* What is needed:
One range is to be output from the listing below, exactly as written: the line with "भास्कर यादव का" to the line with "Grand Gîte 'La", both kept.

#### Task data ####

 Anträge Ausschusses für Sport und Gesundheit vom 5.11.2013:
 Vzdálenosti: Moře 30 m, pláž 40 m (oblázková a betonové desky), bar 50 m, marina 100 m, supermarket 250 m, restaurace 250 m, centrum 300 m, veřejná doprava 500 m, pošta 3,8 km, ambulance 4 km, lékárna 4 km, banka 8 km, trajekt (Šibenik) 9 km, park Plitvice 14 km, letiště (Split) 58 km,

####
#### Task data ####

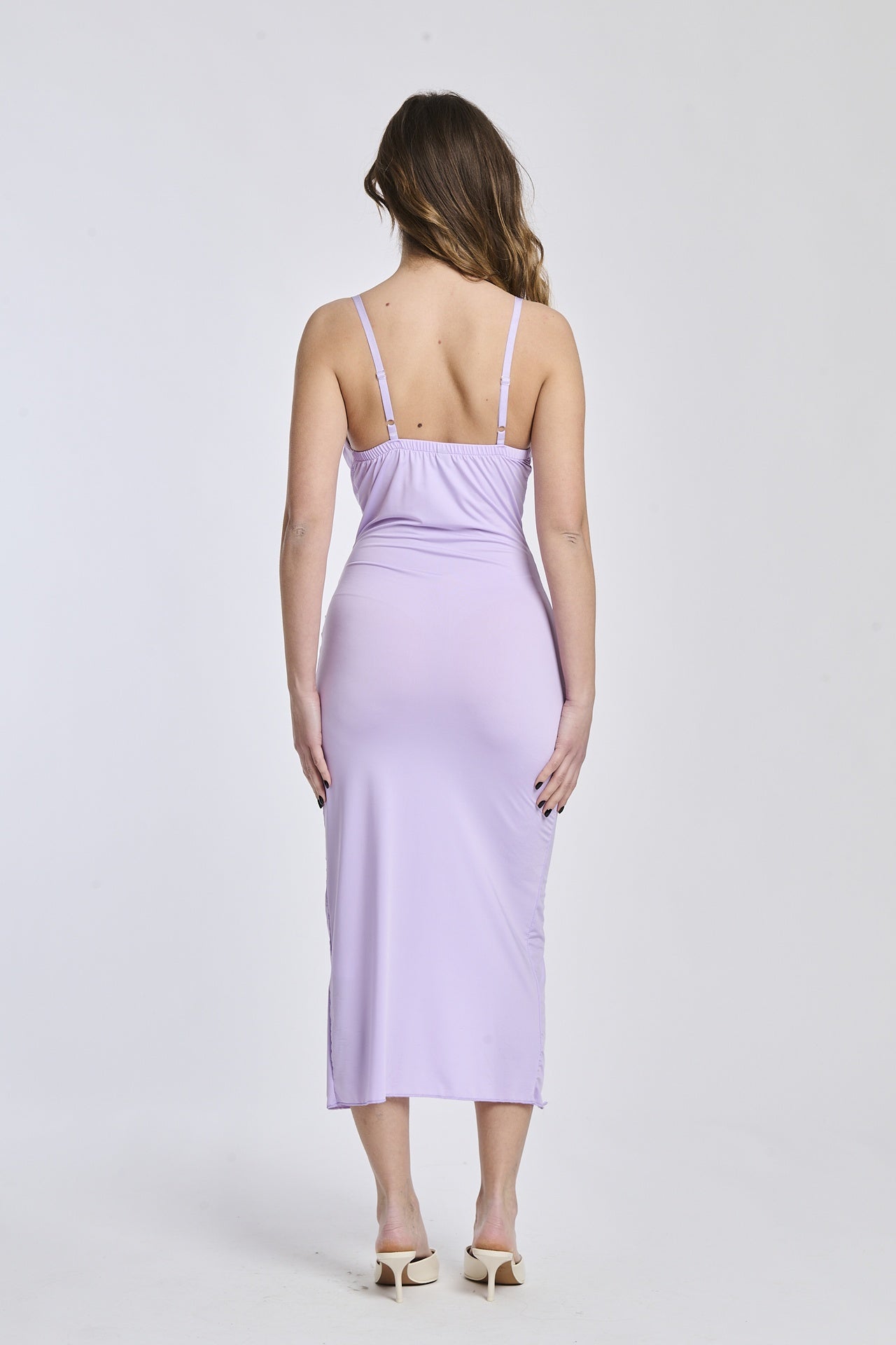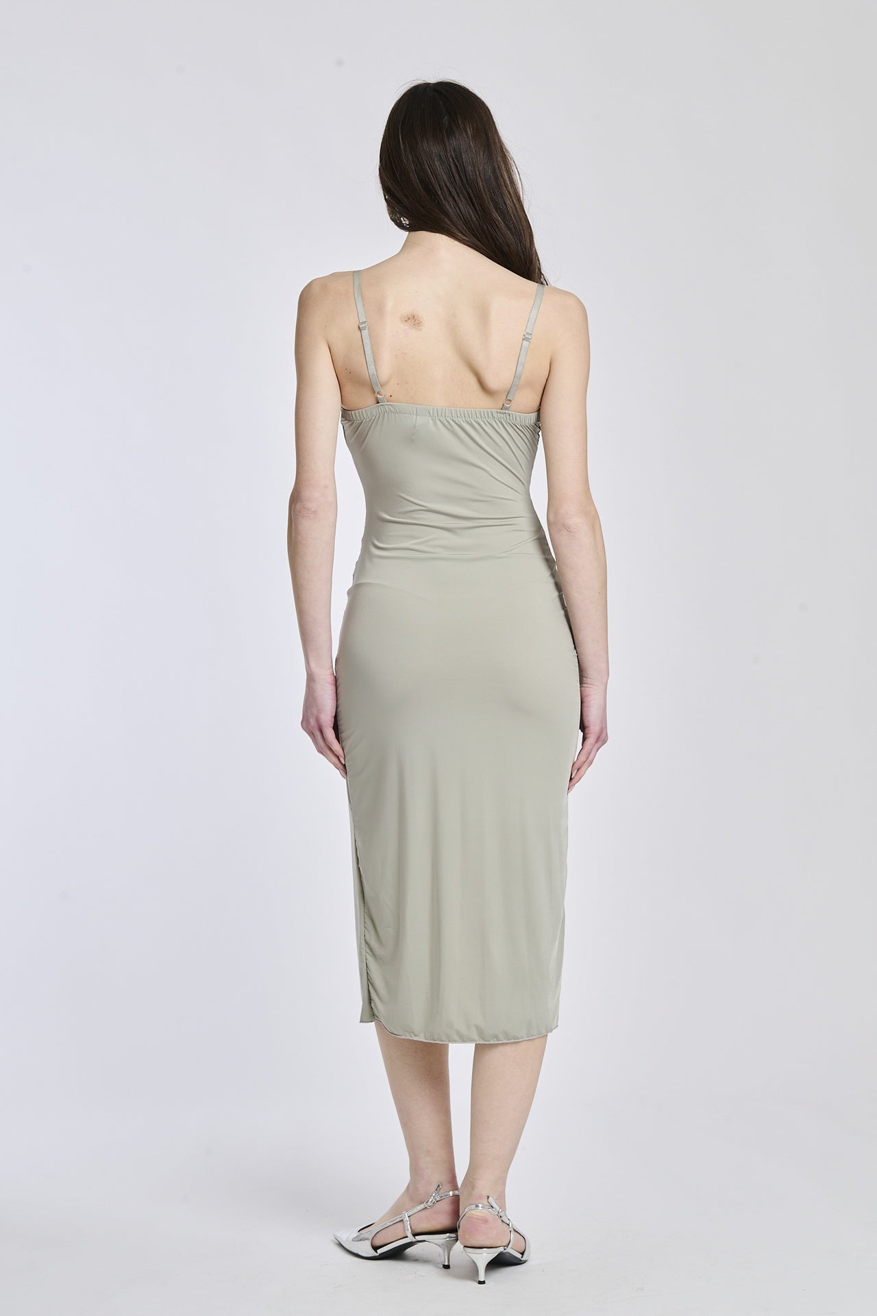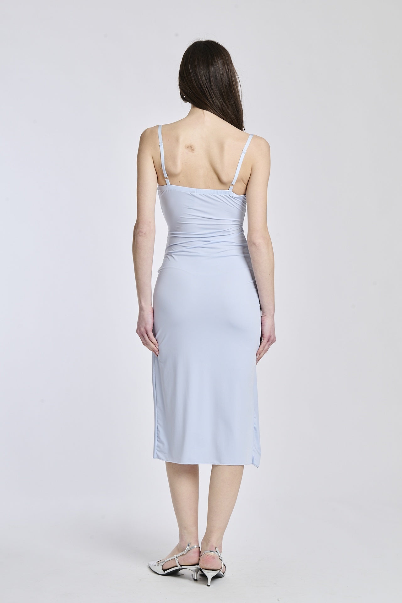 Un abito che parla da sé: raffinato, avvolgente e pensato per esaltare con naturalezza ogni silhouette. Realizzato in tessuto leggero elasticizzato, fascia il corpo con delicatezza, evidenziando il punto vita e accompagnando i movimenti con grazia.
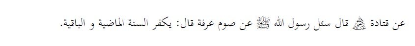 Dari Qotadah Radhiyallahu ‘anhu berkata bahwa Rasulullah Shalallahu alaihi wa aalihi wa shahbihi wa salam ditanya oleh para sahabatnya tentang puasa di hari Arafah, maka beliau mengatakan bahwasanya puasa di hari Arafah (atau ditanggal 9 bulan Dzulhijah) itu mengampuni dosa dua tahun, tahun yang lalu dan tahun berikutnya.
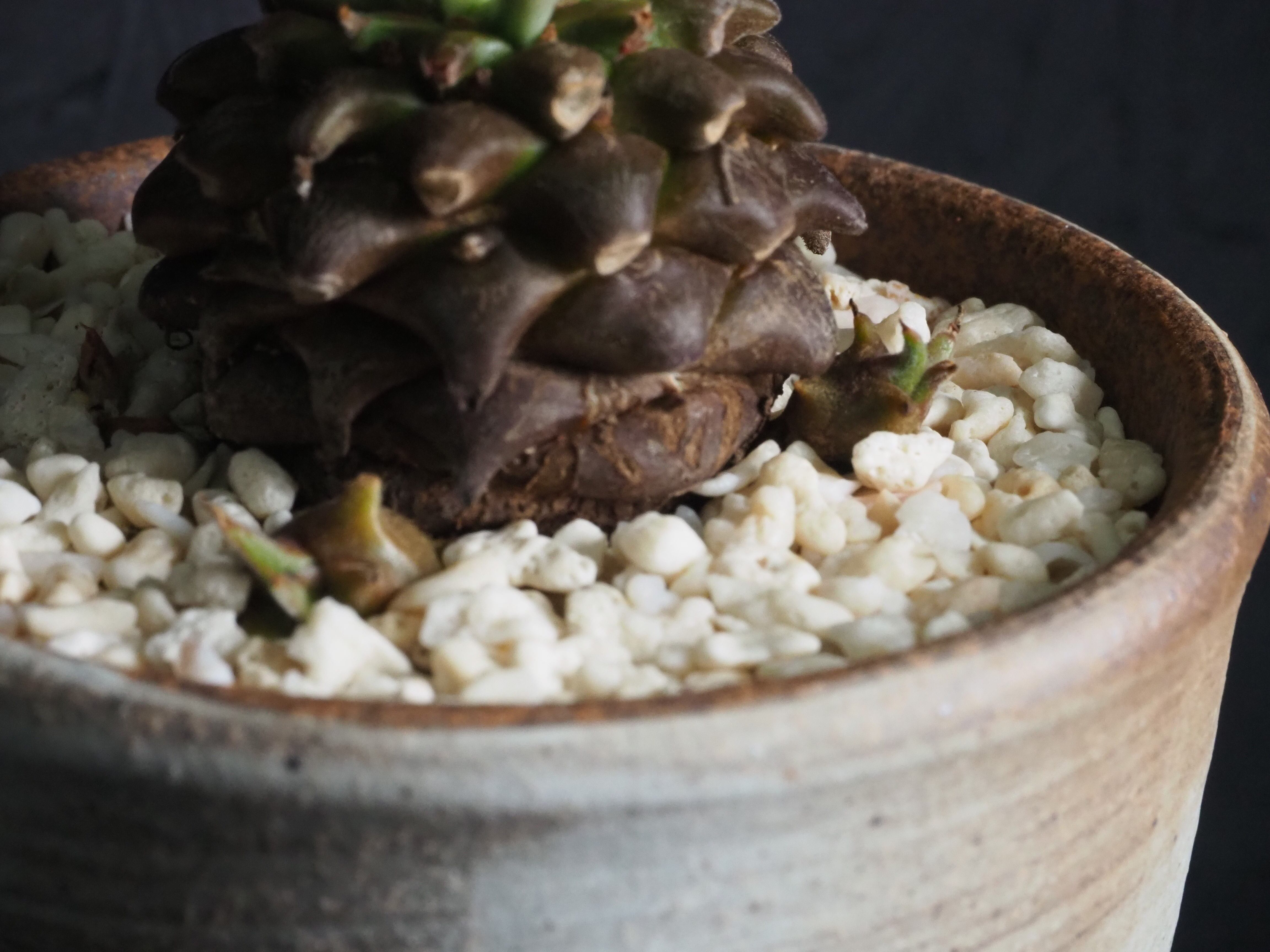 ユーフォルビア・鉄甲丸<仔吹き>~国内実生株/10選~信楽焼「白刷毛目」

####
#### Task data ####

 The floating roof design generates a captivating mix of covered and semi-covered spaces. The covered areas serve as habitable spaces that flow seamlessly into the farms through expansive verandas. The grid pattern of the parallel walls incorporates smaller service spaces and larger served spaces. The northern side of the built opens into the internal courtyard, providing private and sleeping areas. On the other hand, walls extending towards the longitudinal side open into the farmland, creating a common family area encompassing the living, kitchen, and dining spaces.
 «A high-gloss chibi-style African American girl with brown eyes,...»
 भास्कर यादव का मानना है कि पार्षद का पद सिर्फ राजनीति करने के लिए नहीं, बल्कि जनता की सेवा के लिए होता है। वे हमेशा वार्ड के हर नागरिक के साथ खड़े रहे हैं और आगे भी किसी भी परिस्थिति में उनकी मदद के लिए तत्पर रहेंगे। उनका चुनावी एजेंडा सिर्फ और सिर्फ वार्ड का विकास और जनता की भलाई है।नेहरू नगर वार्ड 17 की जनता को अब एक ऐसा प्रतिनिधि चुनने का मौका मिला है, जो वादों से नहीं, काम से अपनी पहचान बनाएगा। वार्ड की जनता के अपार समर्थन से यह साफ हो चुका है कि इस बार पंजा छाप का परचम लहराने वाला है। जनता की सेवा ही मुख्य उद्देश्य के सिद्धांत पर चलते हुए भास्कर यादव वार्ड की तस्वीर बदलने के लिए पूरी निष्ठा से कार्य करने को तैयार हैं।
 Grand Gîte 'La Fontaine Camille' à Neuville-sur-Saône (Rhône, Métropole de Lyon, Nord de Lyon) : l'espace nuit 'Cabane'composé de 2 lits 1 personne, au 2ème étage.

####

* Written answer:
 भास्कर यादव का मानना है कि पार्षद का पद सिर्फ राजनीति करने के लिए नहीं, बल्कि जनता की सेवा के लिए होता है। वे हमेशा वार्ड के हर नागरिक के साथ खड़े रहे हैं और आगे भी किसी भी परिस्थिति में उनकी मदद के लिए तत्पर रहेंगे। उनका चुनावी एजेंडा सिर्फ और सिर्फ वार्ड का विकास और जनता की भलाई है।नेहरू नगर वार्ड 17 की जनता को अब एक ऐसा प्रतिनिधि चुनने का मौका मिला है, जो वादों से नहीं, काम से अपनी पहचान बनाएगा। वार्ड की जनता के अपार समर्थन से यह साफ हो चुका है कि इस बार पंजा छाप का परचम लहराने वाला है। जनता की सेवा ही मुख्य उद्देश्य के सिद्धांत पर चलते हुए भास्कर यादव वार्ड की तस्वीर बदलने के लिए पूरी निष्ठा से कार्य करने को तैयार हैं।
 Grand Gîte 'La Fontaine Camille' à Neuville-sur-Saône (Rhône, Métropole de Lyon, Nord de Lyon) : l'espace nuit 'Cabane'composé de 2 lits 1 personne, au 2ème étage.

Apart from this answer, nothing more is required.